HEADPHONES, CINEMATIC LISTENING, & THE FRAME OF THE SKULL ☠

Published on: January 31, 2020

Boston Cinema/Media Seminar & Lit@MIT presents HEADPHONES, CINEMATIC LISTENING, & THE FRAME OF THE SKULL

Thursday, February 27th 2020 @ 5:00pm – 7:30pm, Room 3-133

Presented by Kyle Stevens, Assistant Professor of Film Studies Appalachian State University and Visiting Assistant Professor at MIT

Response by Paula Musegades, Assistant Professor of Music & American studies at Brandeis University Listening via headphones is increasingly ordinary. Headphones have become one of the cyborgian devices that mark our era, corking the head and furnishing a response to the age-old frustration that the ear has no lid. Scholarly accounts of the sonic aspect of audiovisual texts have considered technological changes over time (such as stereo and Dolby advances) but maintain the conceptual model of a spectator in a cavernous theatrical exhibition space. My paper is interested in what happens when we use headphones to listen to movies, as we might when encountering a film on a range of domestic and mobile devices. What happens when a film’s sonic world is no longer part of a shared world? When its experience is not of the robust vibrations rattling our ears, feet, and guts in the auditorium but seemingly floating in the middle of our heads? Indeed, given that sound is essential to film’s nature as an intrinsically audiovisual medium, and that headphonic sound is so different from theatrical sound, I want to ask whether listening to a movie with headphones may constitute a new medium. I will also explore the idea that headphones transform each audience member’s head into the frame, and, in turn, indicating how this mode of aesthetic listening affects the politics and world-building of particular films. The event includes Paula Musegades Assistant Professor in the Department of Music and the American Studies Program from Brandeis University.

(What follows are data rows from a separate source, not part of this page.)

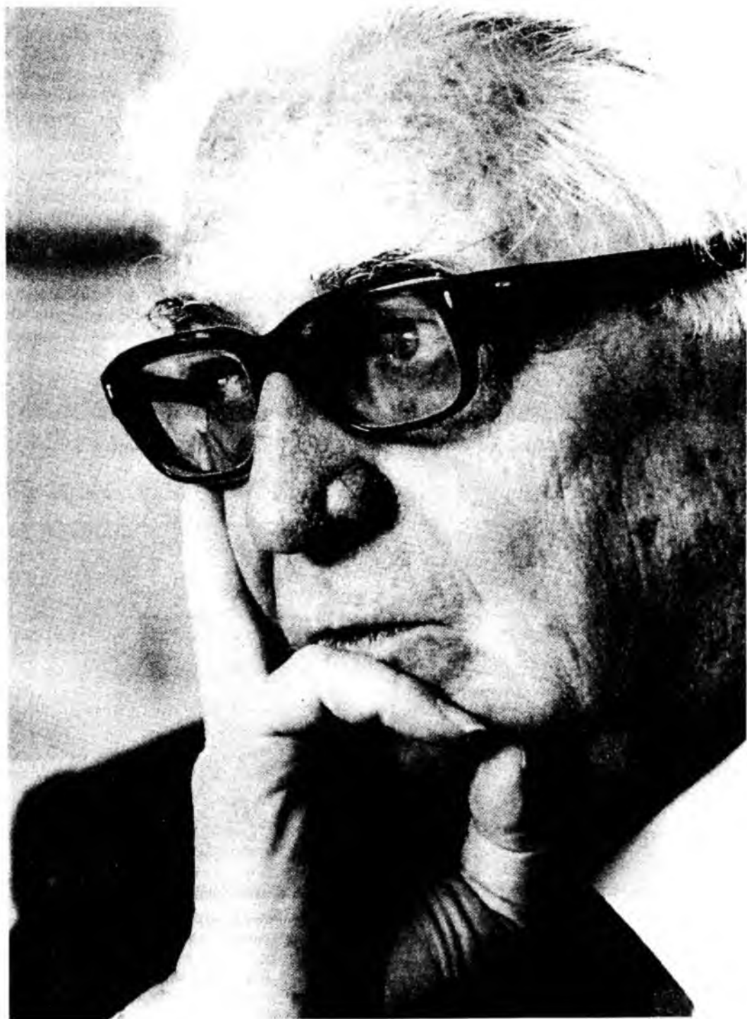
Фернан Бродель у останні роки життя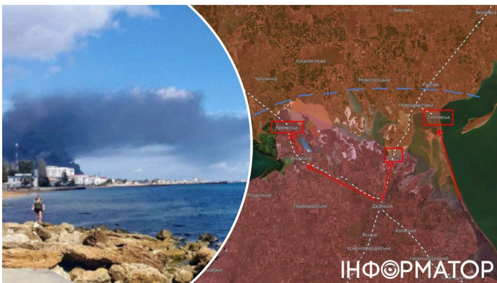
DeepState пояснив блокаду півдня України

Сили оборони України поступово перетворюють окупований південь країни на логістичну пастку для російського угруповання . Аналітики зафіксували два точні ураження автомобільного мосту в районі Чонгара на новозбудованій трасі Р-280, яка з'єднує Ростов-на-Дону з окупованим Сімферополем. Унаслідок першого удару рух до Криму через пункт пропуску "Джанкой" було тимчасово припинено, а транспортні потоки перенаправили через Армянськ і Перекоп. 9 червня Сили оборони вдарили по Чонгарському мосту повторно, через що рух ним знову перекрили.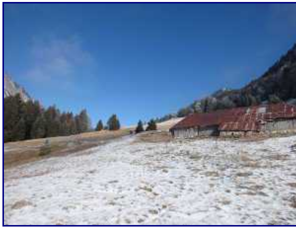
Le chalet de Précheret.

Au centre du hameau, laisser à gauche la direction du Col de Leschaux et des Chalets du Sollier pour prendre à droite le Sentier du Char.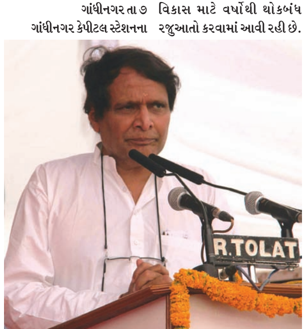
ગાંધીનગર તા. ૭ વિકાસ માટે વર્ષોથી થોકબંધ ગાંધીનગર કેપિટલ સ્ટેશનના રજૂઆતો કરવામાં આવી રહી છે.

કેપિટલ સ્ટેશનનો પણ નજારો બદલાશે : મહેસાણામાં રેલવે મંત્રીની જાહેરાત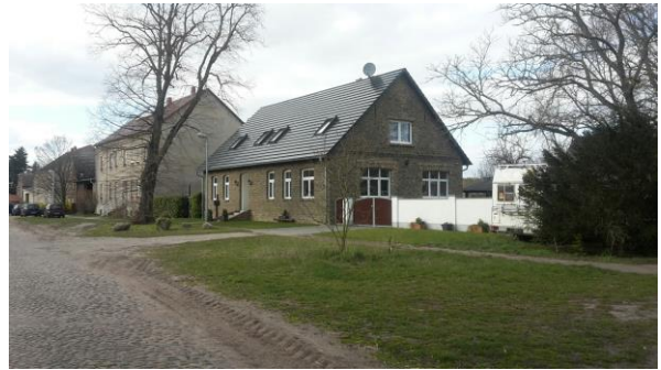
Abbildung 20 Alte Dorfschule mit Blick auf die Straße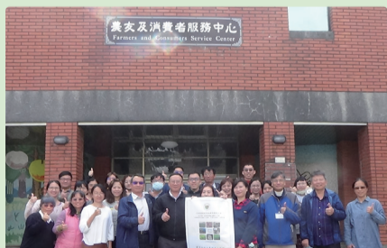
▲3月12日農業研發成果運用工作坊團體照

未來將持續規劃「T-PLAN策略和實際案例分享」和「研發成果案例和評價思維邏輯」相關課程，以利更精進本場研究人員之研發動能，讓研發成果技術運用上能更貼近產業發展。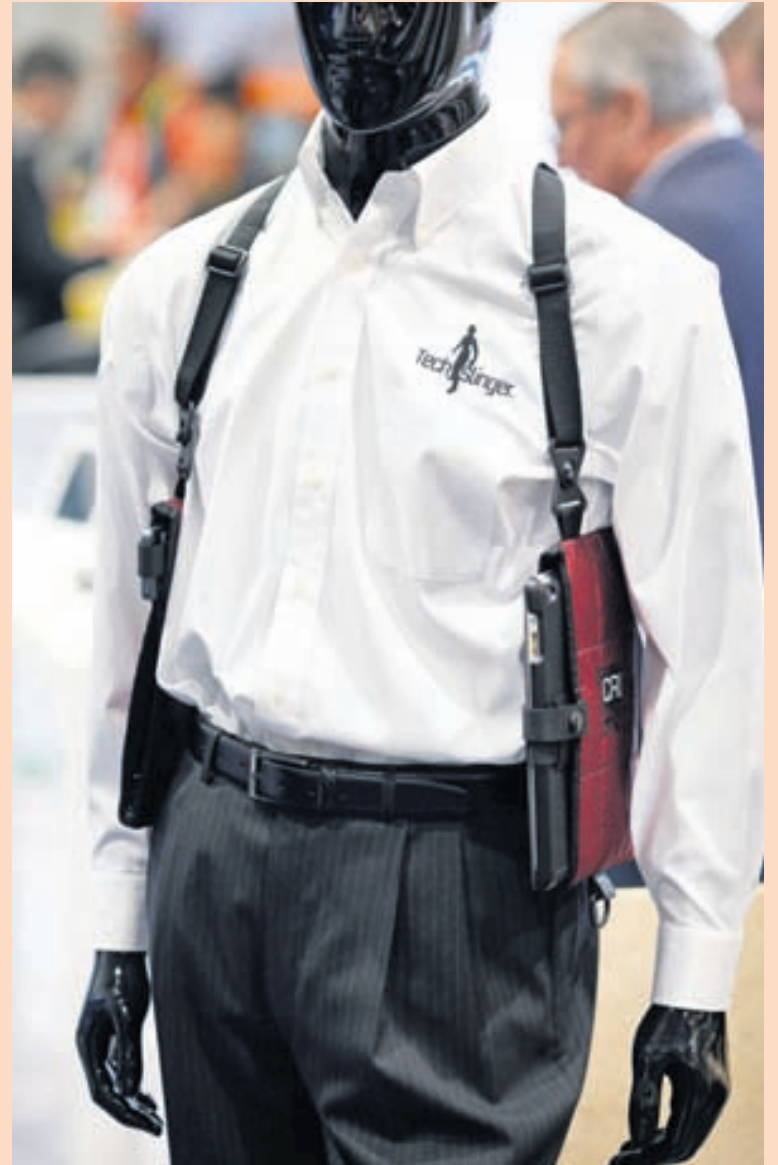
TÖLVUHULSTUR Einhvern gæti kitlað að bera snjalltækin sín í sérstöku hulstri innanklæða (svipað byssuhulstri hasarmyndanna). Slíkan búnaður var að finna á sýningarbás Tech Slinger á CES 2015. Fyrirtækið sendi líka nýverið frá sér belti sem hengja má spjaldtölvur í og gæti hentað þjónum sem þannig taka niður pantanir.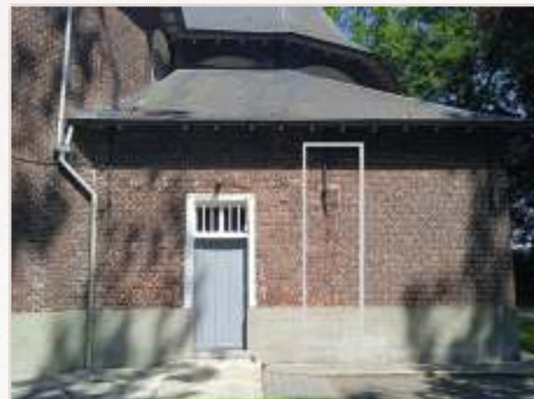
Afbeelding 13: de uitbreiding van de sacristie is ook duidelijk te zien in de muur aan de kant van de buitendeur van de zuidsacristie. Aan de bovenzijde zijn tevens de restanten te zien van de dichtgemetselde ramen.

De kapel is een typisch voorbeeld van een voor 1450 bestaande bedevaartskapel die werd wederopgebouwd en vergroot in het begin van de 17de eeuw, verwoest in 1644, gerestaureerd in 1649, vergroot in 1677, uitgebreid in 1774 met een nieuw koor en twee zijkoren en eind van de 19de eeuw werd gerestaureerd en uitgebreid met een noordelijke sacristie

Kyle Stevens is Assistant Professor of Film Studies at Appalachian State University and Visiting Assistant Professor at MIT. He is the author of Mike Nichols: Sex, Language, and the Reinvention of Psychological Realism (Oxford University Press), co-editor of the two-volume collection Close-Up: Great Screen Performances (Edinburgh University Press), and editor of the forthcoming The Oxford Handbook of Film Theory. His essays have appeared in Cinema Journal, Critical Quarterly, Film Criticism, World Picture, as well as several edited collections.


Launched in 2015, the Boston Cinema/Media Seminar is a meeting of film and media scholars from the many colleges and universities in the greater Boston area. Drawing from the pool of local scholars across the Boston area’s many institutions as well as scholars visiting or in residence here, it runs along similar lines to seminars in other communities with high concentrations of scholars spread out across many institutions, bringing them together and encouraging a sense of community of people who work in related fields. Based on models such as the Chicago Film Seminar and the Columbia University Seminars, each meeting features a speaker who gives a substantial presentation of her or his work, followed by a formal response by an invited respondent, followed by discussion among the whole group, followed by dinner and further, informal discussion. The benefits of having a seminar like this are manifold. Graduate students and scholars at the area’s colleges and universities–many of whom have only a handful of colleagues working in a related field at their home institutions–profit from access to a community of scholars beyond their own school. Further, they hear the most recent work in the field and have an opportunity to shape it as it develops. Speakers gain access to a subset of the audience their work is most interested in reaching, and the discussion that ensues allows engagement with the prevailing concerns of cinema and media studies for everyone. The seminar capitalizes on having a critical mass of brilliant people working in cinema and media studies in the area and provides an outlet and a forum for the development of their common interests.